The only thing left is an implementation of route rebuild algorithm.
Implementation of route rebuild algorithm
Implementation of route rebuild algorithms in C# is straightforward and almost completely reflects the previously demonstrated pseudo-code (we use LinkedList<T>
to represent dynamic array):
public static IEnumerable<int> RebuildRoute_00(
int[] routes, int sz, int i, int j)
{
var x = new LinkedList<int>();
var z = routes[i * sz + j];
while (z != Constants.NO_EDGE)
{
x.AddFirst(z);
z = routes[i * sz + z];
}
x.AddFirst(i);
x.AddLast(j);
return x;
}
The above algorithm isn’t perfect and definitely can be improved. The simplest improvement we can make is to preallocate an array of sz
size and fill it in reverse order:
public static IEnumerable<int> RebuildRoute_01(
int[] routes, int sz, int i, int j)
{
var x = new int[sz];
var y = sz - 1;
// Fill array from the end
x[y--] = j;
var z = routes[i * sz + j];
while (z != Constants.NO_EDGE)
{
x[y--] = z;
z = routes[i * sz + z];
}
x[y] = i;
// Create an array segment from 'y' to the end of the array
return new ArraySegment<int>(x, y, sz - y);
}
While this “optimisation” reduces the number of allocations to one, it doesn’t necessary makes the algorithm “faster” or “allocates less memory” than previous one. The point here is, if we need to have a route ordered from i
to j
we always will have to “reverse” the data we retrieve from matrix R
and there is no way to escape it.
But if we can present data in reverse order then we can make use of LINQ and avoid any unnecessary allocations:
public static IEnumerable<int> RebuildRoute_Reverse_00(
int[] routes, int sz, int i, int j)
{
yield return j;
var z = routes[i * sz + j];
while (z != Constants.NO_EDGE)
{
yield return z;
z = routes[i * sz + z];
}
yield return i;
}
There can be many more variants of how this code can be “changed” or “improved”. The important moment here is to remember – any “change” has downsides in terms of memory or CPU cycles.

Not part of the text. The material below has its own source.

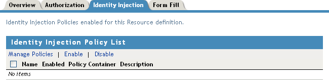 For an example of how Identity Injection policies can be used for single sign-on to the Identity Manager User Application, see “Configuring Access Manager for UserApp and SAML”.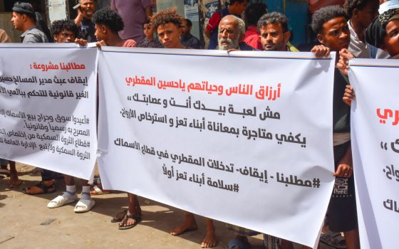 شهدت محافظة تعز، صباح اليوم الاحد ، وقفة احتجاجية نفذها بائعو الأسماك والصيادون، تنديدًا بقرار نقل سوق حراج الأسماك من موقعه في منطقة زيد الموشكي إلى موقع جديد داخل المسلخ المركزي بمنطقة الضباب، والذي وصفه المشاركون بأنه “غير مؤهل وموبوء”، ويقع خارج المدينة، بعيداً عن السكان ومراكز البيع، ما يشكل تهديداً مباشراً لمصدر رزقهم.

Feel free to experiment! The possibilities are almost limitless!
Conclusion
In this post we had a deep dive into the theory behind Floyd-Warshall algorithm and have extended it with a possibility to memorise shortest paths “routes”. Then we have updated C# implementations (original and vectorised) from the previous post. In the end we have implemented a few versions of the algorithm to rebuild the “routes”.
We have repeated a lot from previous post but at the same time I hope you have found something new and interesting in this one. This isn’t the end of the all-pairs shortest paths problem. This is just a beginning.

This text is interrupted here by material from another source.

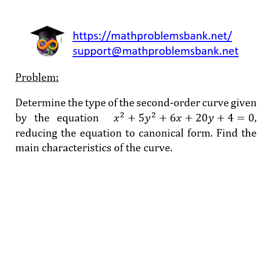 Problem: Determine the type of the second-order curve given by the equation \( x^{2}+5 y^{2}+6 x+20 y+4=0 \), reducing the equation to canonical form. Find the main characteristics of the curve.

I hope you have enjoyed the reading and see you next time!
History
- 2023/04/08 – Updated source code of vectorised algorithm.
Replaced line #31 with two lines (now #31 and #32):
— previousvar rk_vec = Vector.ConditionalSelect(lt_vec, ij_vec, k_vec)

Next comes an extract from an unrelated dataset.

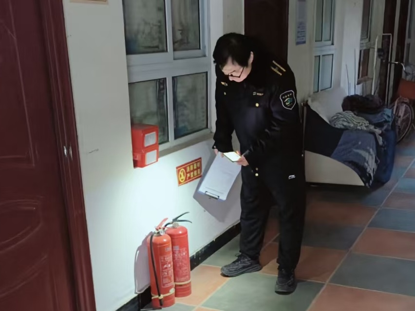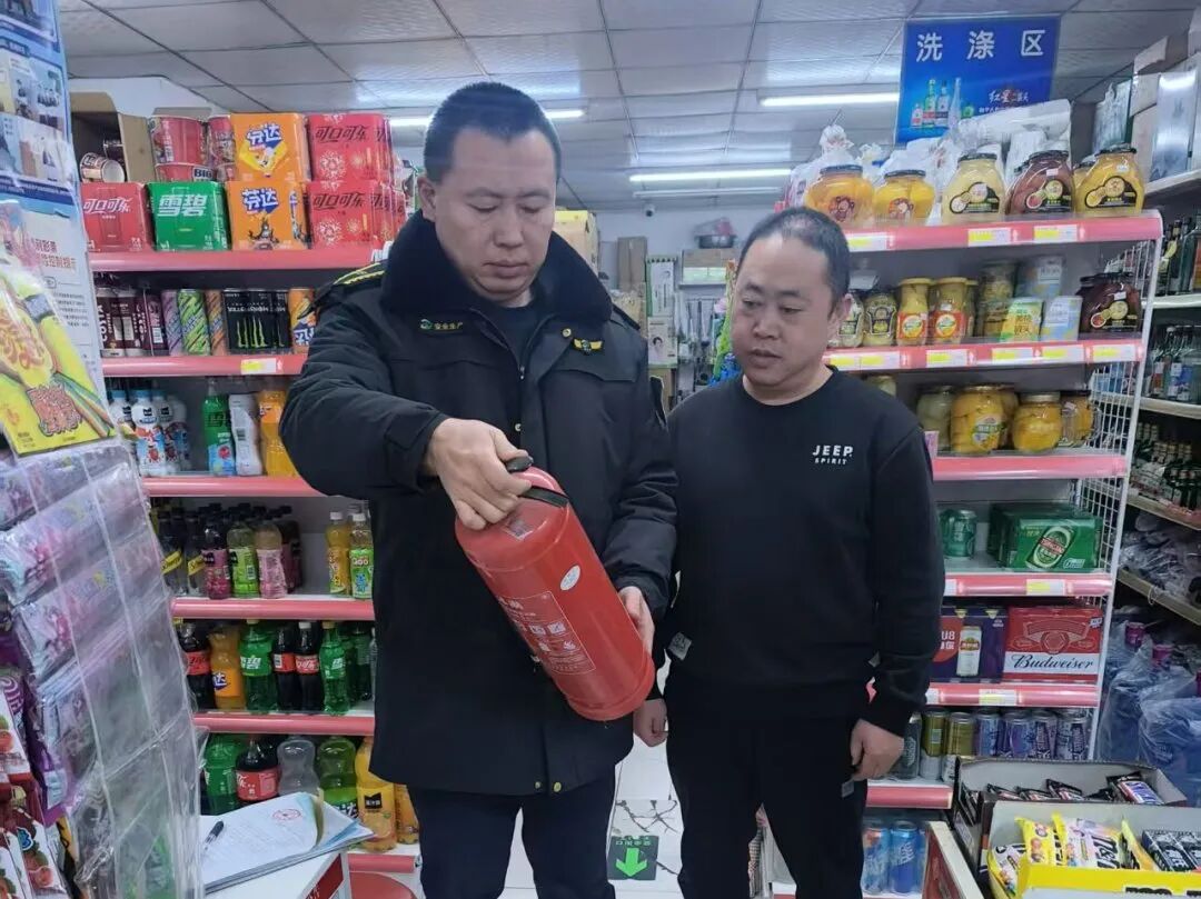 检查组走进“九小场所”,对灭火器、消防栓等器材进行全覆盖“体检”,仔细确认设施完好有效,并督促经营商户落实主体责任,做好日常维护保养,守牢经营安全底线。

— currentvar ro_vec = new Vector<int>(routes, i * sz + j);
var rk_vec = Vector.ConditionalSelect(lt_vec, ro_vec, k_vec);
—
to address the issue when some of the routes are overwritten by the values from distance vector instead of being just updated with values fromk_vec
.
Replaced line #42 (previously was #41):
— previousroutes[i * sz + j] = distance
— currentroutes[i * sz + j] = k
—
to writek
value instead of distance into the route matrix.